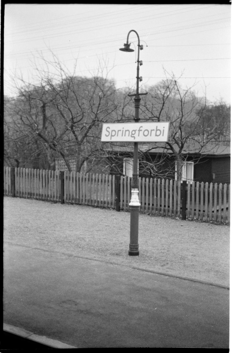 Stationsskylt vid plattformen på Springforbi station, Danmark.
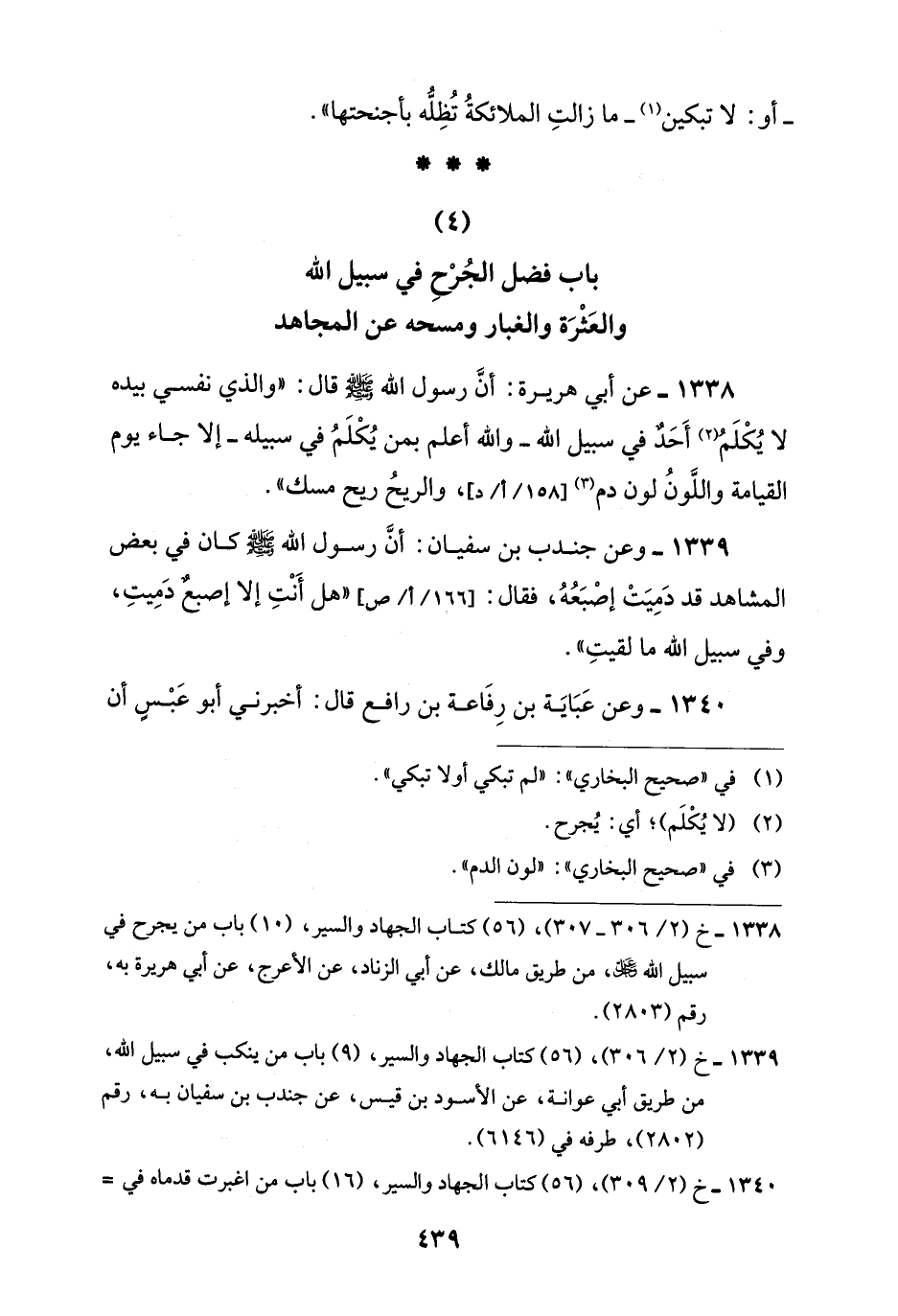 1338 - خ (2/ 306 - 307)، (56) كتاب الجهاد والسير، (10) باب من يجرح في سبيل اللَّه -عَزَّ وَجَلَّ-، من طريق مالك، عن أبي الزناد، عن الأعرج، عن أبي هريرة به، رقم (2803).
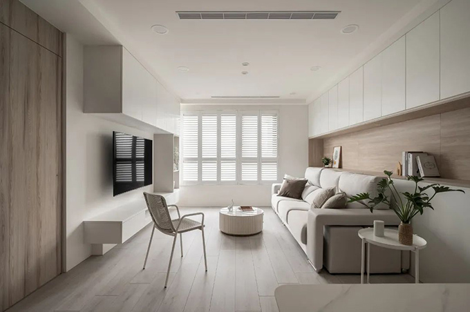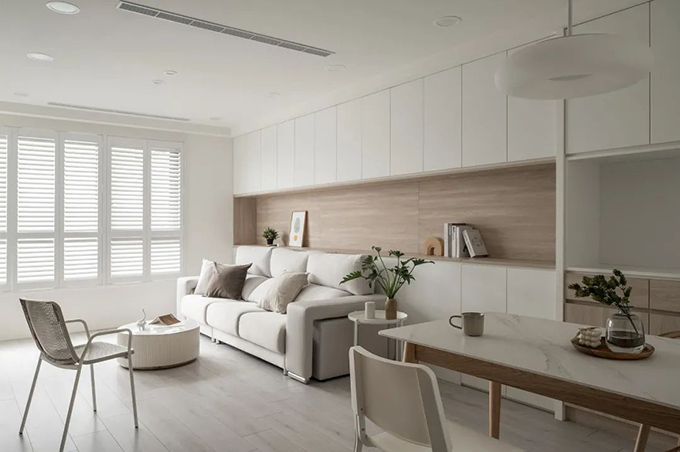 和與電視墻咬合的形式相似,都是增強島臺自身功能的類型,在島臺上設置卡座,從整體造型上來看極具幾何感和藝術氣質從實用的角度看,能更加節(jié)省空間的面積,提高空間的利用效率,讓空間在視野上更加開闊。

Task details:
Retype the listing exactly. Leave out its pictures.

Response:
 Stationsskylt vid plattformen på Springforbi station, Danmark.
 1338 - خ (2/ 306 - 307)، (56) كتاب الجهاد والسير، (10) باب من يجرح في سبيل اللَّه -عَزَّ وَجَلَّ-، من طريق مالك، عن أبي الزناد، عن الأعرج، عن أبي هريرة به، رقم (2803).
 和與電視墻咬合的形式相似,都是增強島臺自身功能的類型,在島臺上設置卡座,從整體造型上來看極具幾何感和藝術氣質從實用的角度看,能更加節(jié)省空間的面積,提高空間的利用效率,讓空間在視野上更加開闊。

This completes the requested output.